TransGrimm Corpus and web-based interface

The corpus

The TransGrimm corpus, which is currently being compiled by the TransGrimm group at the TU Chemnitz, is an aligned multi-parallel corpus of all the published German versions of the world-renowned Kinder- und Hausmärchen (KHM) collected by the brothers Jacob and Wilhelm Grimm, as well as their English translations, although plans exist to expand the corpus to also include translations into other languages. The TransGrimm corpus is an aligned corpus, meaning that each fairy tale and its respective translations are divided into segments or ‘chunks’ of a certain length (which may correspond to a clause, a sentence or a paragraph), with equivalent chunks cross-linked (‘aligned’) using various methods (such as a tabular format or indexation). This allows one to compare the changes (such as additions/omissions) introduced into the fairy tale either by the original authors over time or by the individual translators. For an example of the multi-parallel alignment that is the hallmark of the TransGrimm corpus, see the Rapunzel excerpt below. Early stages of the corpus compilation process consisted of manual alignment by a student assistant. Presently, however, the project group is developing a neural networks-based automated alignment algorithm called NeurAligner.

KHM 1843
„Rapunzel, Rapunzel, laß mir dein Haar herunter."

KHM 1857
„Rapunzel, Rapunzel, laß dein Haar herunter."

Paull 1868
"Lettice, Lettice, let down your hair, That I may climb without a stair."

Hunt 1884
"Rapunzel, Rapunzel, Let down thy hair to me."

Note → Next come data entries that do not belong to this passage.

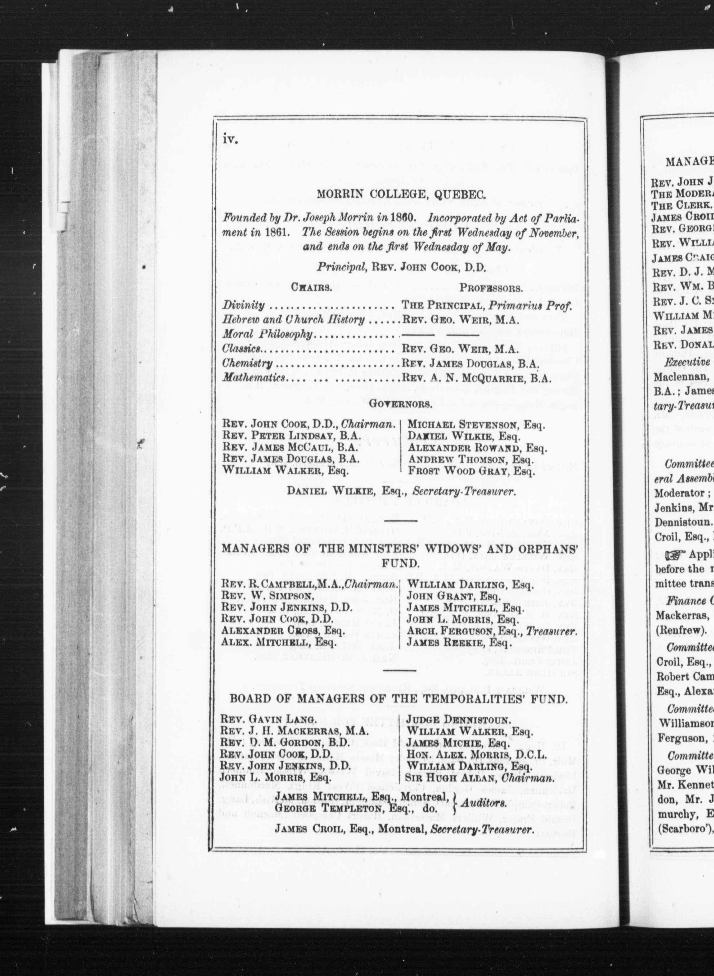[Toronto?] : [Synod of the Presbyterian Church of Canada, in Connection with the Church of Scotland], 1873; 137 images avec recherche en texte intégral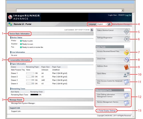 You can change the language displayed on the screen by selecting the desired language on the portal page, regardless of the language used on the touch panel display of the machine.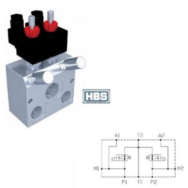 Blocco idraulico con due elettrovalvole normalmente aperte per la messa a scarico di due linee idrauliche.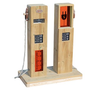 Som en del av rolleken stannar barnen för att låtsas tanka eller ladda upp sitt fordon. Genom att imitera olika funktioner i vardagslivet utvecklas barnens förståelse för sin omvärld. Perfekt att använda ute på gården. Höjd: 88 cm. Tillverkad i träskyddsbehandlad furu. PVC-fri. Mått: 70x38x88 cm. Från 3 år. Ämnad för utomhusbruk.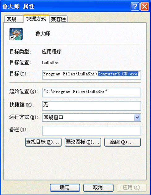 ②、属性页面中,留意一下“目标”指向的最后一节,是不是\ComputerZ_CN.exe 结尾(如果不是,那么请提高警惕,这个鲁大师图标可能是假的):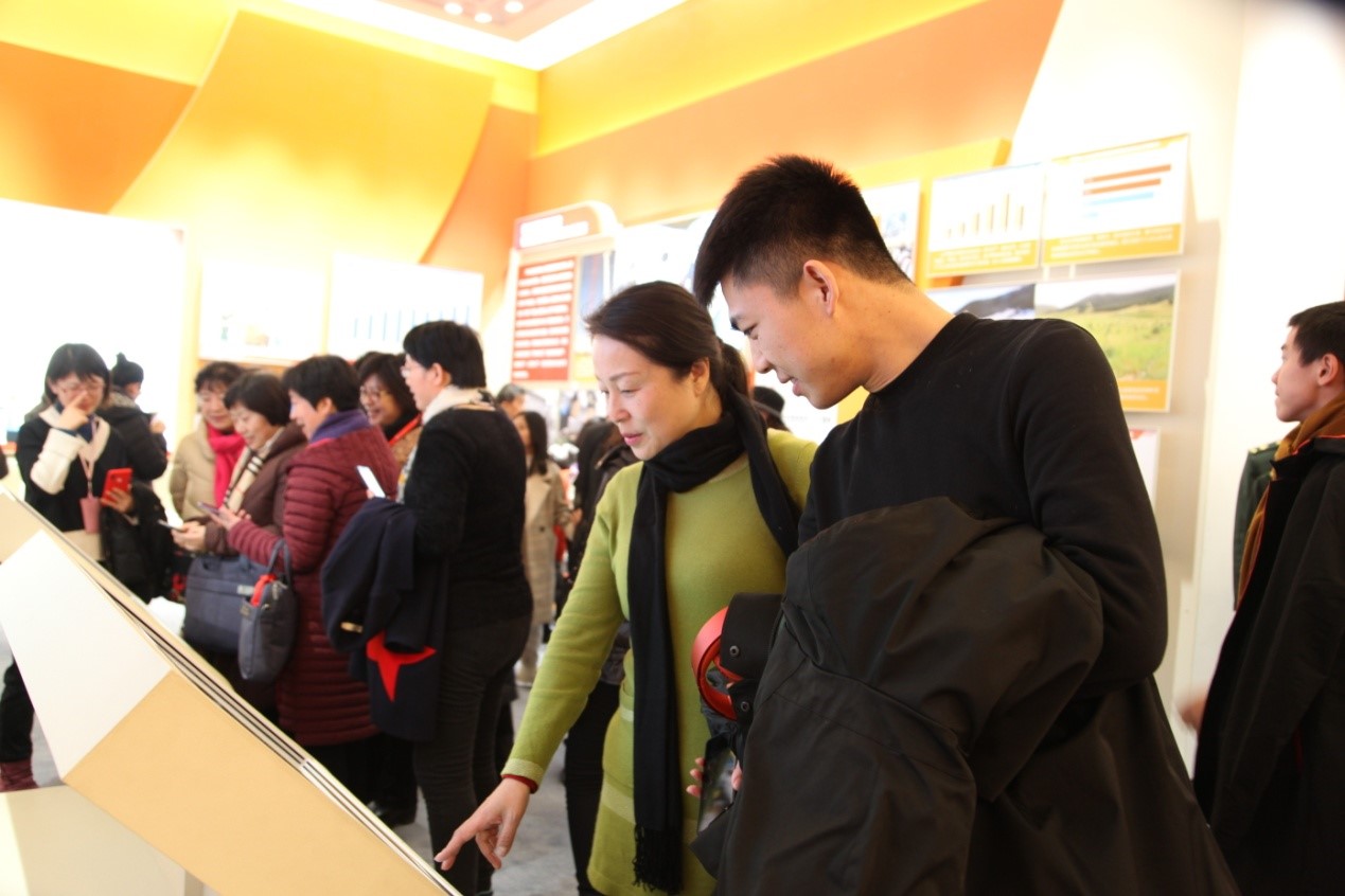 进入展厅,开篇视频《伟大的变革》描绘了中国人民用双手书写了国家和民族发展的壮丽史诗,成功吸引了许多观众驻足观看。从安徽小岗村18位农民按下包产到户“红手印”的雕塑到展现深圳从当年落后的小渔村成为现代化大都市的视频,从上海陆家嘴高楼林立的实景沙盘到国际热核聚变实验堆,从长征系列运载火箭到蛟龙、海龙、潜龙“三龙兄弟”深海探测装备,从“天宫二号”空间实验室到嫦娥三号号月球探测器,从“可上九天揽月”到“可下五洋捉鳖”,一个个实物模型,生动讲述了40年来,尤其是党的十八大以来,中国经济社会发展的历史跨越,见证了40年来民众获得感、幸福感、安全感的大幅提升。40年众志成城,40年砥砺奋进,40年春风化雨,40年来经济建设、政治建设、文化建设、社会建设、生态文明建设历史性成就与变革的实物和资料,印证了正是在中国共产党坚强领导下,中国人民用双手书写了国家和民族发展的壮丽史诗。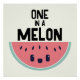 Affiche kawaii mignonne avec une adorable tranche de pastèque aux yeux clairs et un doux sourire. Au-dessus de la tranche de melon se trouvent les mots One In A Melon en lettres noires.
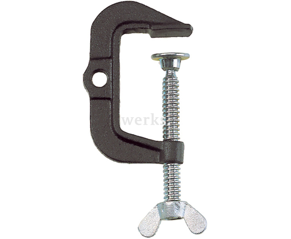 Струбцина для сварки CP с Т-образной ручкой Bessey BE-CP-F представляет собой высокоэффективный инструмент. Она имеет С-образную форму, ширина зажима составляет 50 мм, а длина выступа — 30 мм. Изготовлена из прочного ковкого чугуна и оснащена местами для подключения массы. Этот инструмент является незаменимым помощником в процессе сварочных работ.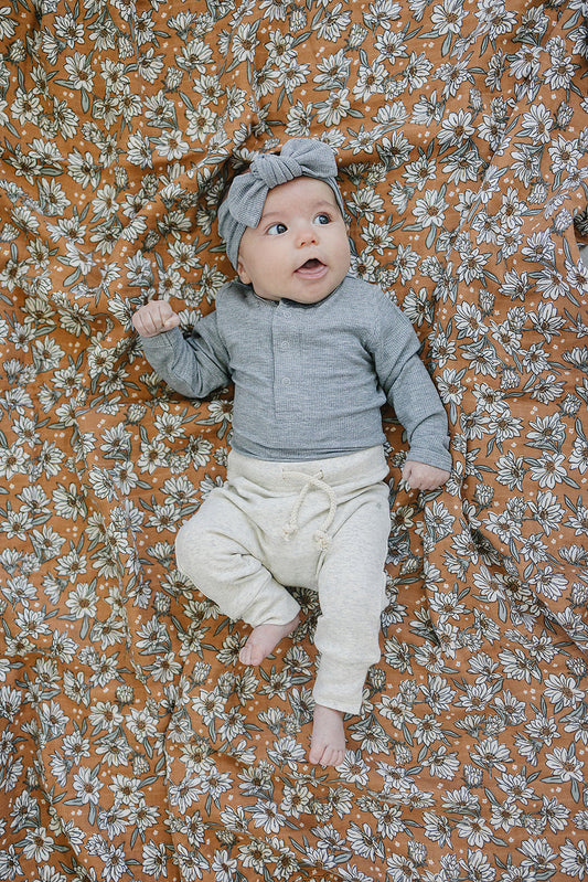 Heather Grey Bamboo Snap Long Sleeve Ribbed Bodysuit

Alignment example featuring an excerpt from the "Rapunzel" (KHM 012, alignment chunk 34) fairy tale

The web-based corpus interface

To make our TransGrimm corpus available to the public in an easily searchable format, we are currently developing a web-based interface for it, which will be freely accessible once completed. The webtool will adapt the traditional KWIC (keyword-in-context) view, familiar to everyone from non-aligned corpora, to the display of aligned multi-parallel corpus query results. The hits will be presented as a list of KWIC items in the middle of the page, flanked by their immediate context on either side. However, unlike in the aligned corpus webtools available to date, the hits will be displayed vertically (from top to bottom) instead of horizontally (from left to right), permitting a fast and clear overview of the differences and similarities between parallel segments. We also plan to integrate a machine translation module into the corpus query process in order to translate the query term into the other available language, so that its equivalent can also be highlighted and centrally aligned on the page. The below screenshot of the TransGrimm webtool mockup demonstrates this idea usind the example of the query term great*.

Mockup of the upcoming TransGrimm corpus webtool (screenshot; click to enlarge)

Current projects

First and Last Lines

If asked how fairy tales tend to begin, most people would probably answer that they start with the formula es war(en) einmal in German and its equivalent once upon a time in English. To test this belief about fairy tale openings, as well as to discover the most common ways in which fairy tales tend to conclude, we devised the present quantitative corpus-based study of the first and last lines in the last version of the KHM from 1857 and in one of its English translations (Hunt 1884). In the study we analyzed a variety of features, such as the frequencies of various well-known opening and closing variants, n-grams, first-named entities, collocations of lebte(n)/lived and references to time. We also conducted a diachronic analysis of the phrases es war(en) einmal and once opon a time using Google Ngrams and the COCA corpus.

Publications

Sanchez-Stockhammer, C. 2020. The potential of multi-word units as measures of fairy-tale style in Schneewittchen (Snow-White) and its English translations. In L. Fesenmeier & I. Novakova (eds.), Phraséologie et stylistique de la langue littéraire, 305–327. Berlin.

Presentations

Sanchez-Stockhammer, C. & A. Yurchenko. 2023. Building blocks of fairy tale openings and closings in the TransGrimm Corpus. 12th International Corpus Linguistics Conference (CL2023), Lancaster, UK.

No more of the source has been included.